How Singing Legend Gladys Knight Is Expanding Her Net Worth with an Upcoming Mini-Series On Her Life

A mini-series chronicling the life of soul music icon Gladys Knight is on the drawing board as the “Midnight Train to Georgia” songstress has been announced as a showrunner for an on-screen production that could unveil some momentous financial milestones and misfortunes of her career.

WASHINGTON, DC – DECEMBER 14: U.S. singer Gladys Knight performs in the State Dining Room for U.S. President Joe Biden, First Lady Jill Biden, Vice President Kamala Harris, Second Gentleman Doug Emhoff, and guests on December 14, 2022 in Washington, DC. The President is hosting the leaders of African nations attending the U.S-Africa Summit for a dinner and reception at the White House. (Photo by Samuel Corum/Getty Images)

The seven-time Grammy-winning singer’s company, Empress of Soul Productions, has partnered with Cineflex to develop the series, which would be the first autobiographical episodic film for the music legend. 

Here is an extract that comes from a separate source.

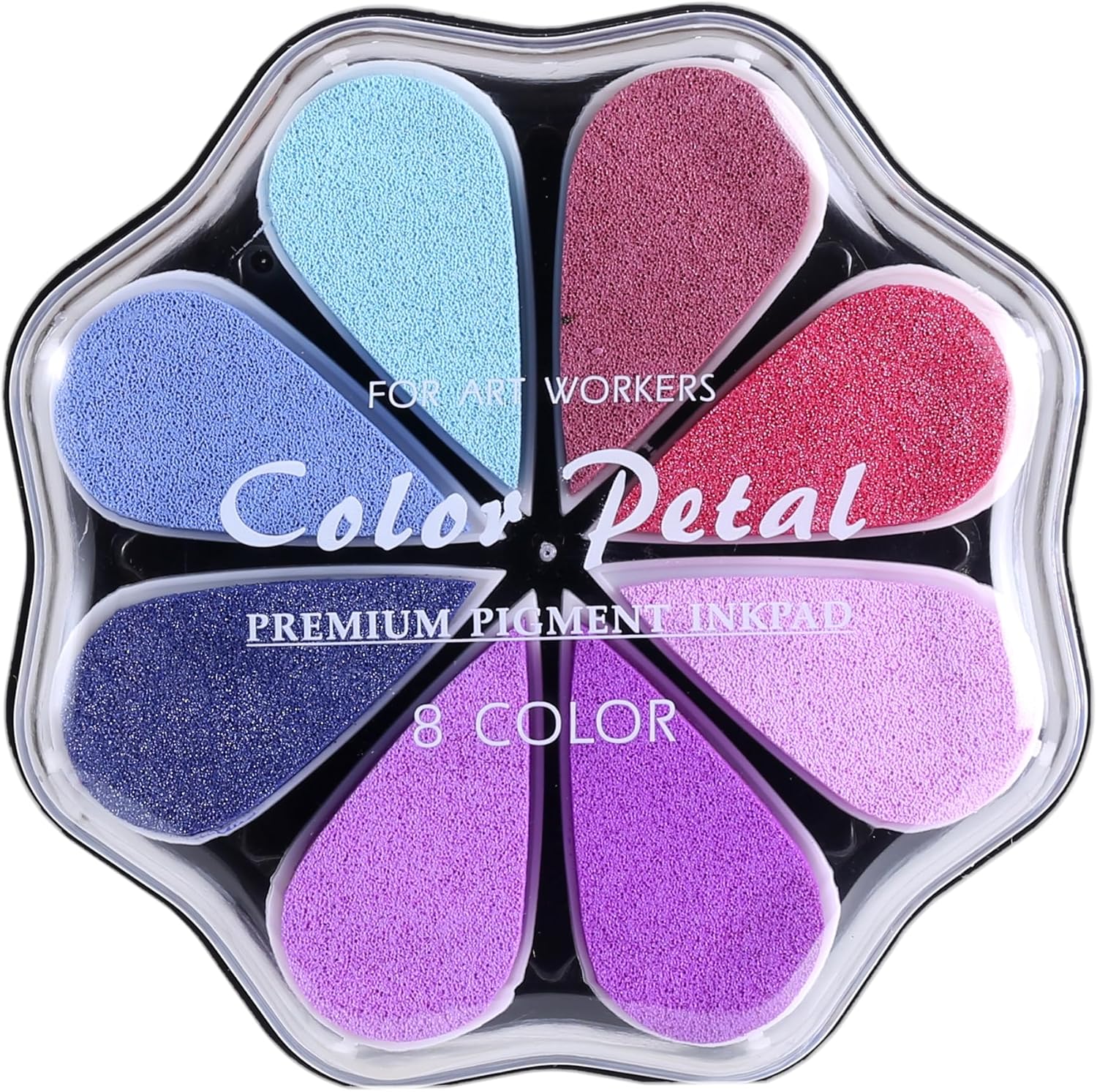 YPSelected 8 Assorted Multi Colours Waterdrop Shaped Craft Rubber Stamps Petal Ink Pads for Paper Wood Fabric (Set 1029)

“Our partnership with Cineflix, sharing my life story, will allow me to leave a legacy of hard work and dedication,” Knight told Deadline in a statement. “That alone is greater than any award I could ever receive.”

Gladys Knight and The Pips

The Atlanta native’s illustrious career spans decades since she and her brother Merald Woodlow “Bubba” Knight started their iconic group The Pips — later to become Gladys Knight and The Pips — in 1952 when she was just 8 years old. The group’s hit multi-platinum songs topped music charts lead them to cement their names in the Rock & Roll Hall of Fame. 

In 1987, Knight decided to pursue a solo career, and she and the Pips recorded their final LP together, “All Our Love.”

Her Net Worth

Knight amassed her estimated $28 million fortune mainly through music and her acting career. She’s acted on “The Jamie Foxx Show” and “House of Payne,” among other shows. She also appeared as herself on “Empire.”

In 2018, Knight and her fourth husband, William McDowell, whom she married in 2001, sold their Vegas estate for $720,000. The privately-gated Mediterranean-style home, built in 1971, sat on half an acre. The grounds contained a large motor court and swimming pool. The six-bedroom home had a professional recording studio as well. Knight and her husband moved to Fairview, North Carolina.

Knight and McDowell launched a fundraising campaign for the then-closed Reynolds Community Center in Canton, North Carolina. Reynolds was once the only African-American high school in Western North Carolina, according to Citizen Times. Knight and McDowell purchased the site at an auction in 2015 for $80,000 to give it back to the community, according to Heavy.

Bad Deals, Tax Problems and Battle with Gambling

Knight’s fame and fortune didn’t come without their share of hardships. Knight’s personal and family problems offer plenty of material for the series to delve into. 

A mother of three, Knight’s youngest son, Shanga Hankerson, opened up the restaurant franchise Gladys Knight Chicken and Waffles with locations in Georgia and Washington, D.C. State tax agents seized all locations because of Hankerson’s failure to withhold payroll taxes. Hankerson received a two-year prison sentence in 2021 and was ordered to pay $1 million in financial restitution for back taxes, penalties, and interest. 

The downfall of the chain led to tension between Knight and her son. The R&B icon would go on to sue her son to remove her name image that was used to commercialize the business. 

Knight also could offer viewers a look at other financial setbacks she struggled with during the height of her career. 

The Empress of Soul once had a serious gambling habit, playing in high-stakes blackjack games at casinos in Las Vegas and Atlantic City. What started as light fun to wind down after her shows, spiraled into an addition, Knight told the Los Angeles Times during an interview in July 2011. Knight first peeled back the layers of her gambling habit in her autobiography “Between Each Line of Pain and Glory,” which was published in 1997. Losing as much as $45,000 in 24 hours was one of many gut-churning times that eventually led the musician to seek counseling to kick her addiction. 

“I would play, and I would win. And you should never win. Winning is how they get you. Because you think you’ll win everything, and you won’t. And I just woke up one day and said this don’t make no sense,”  Knight wrote. 

While the script for the series is said to be in the works, no official date has been announced for production.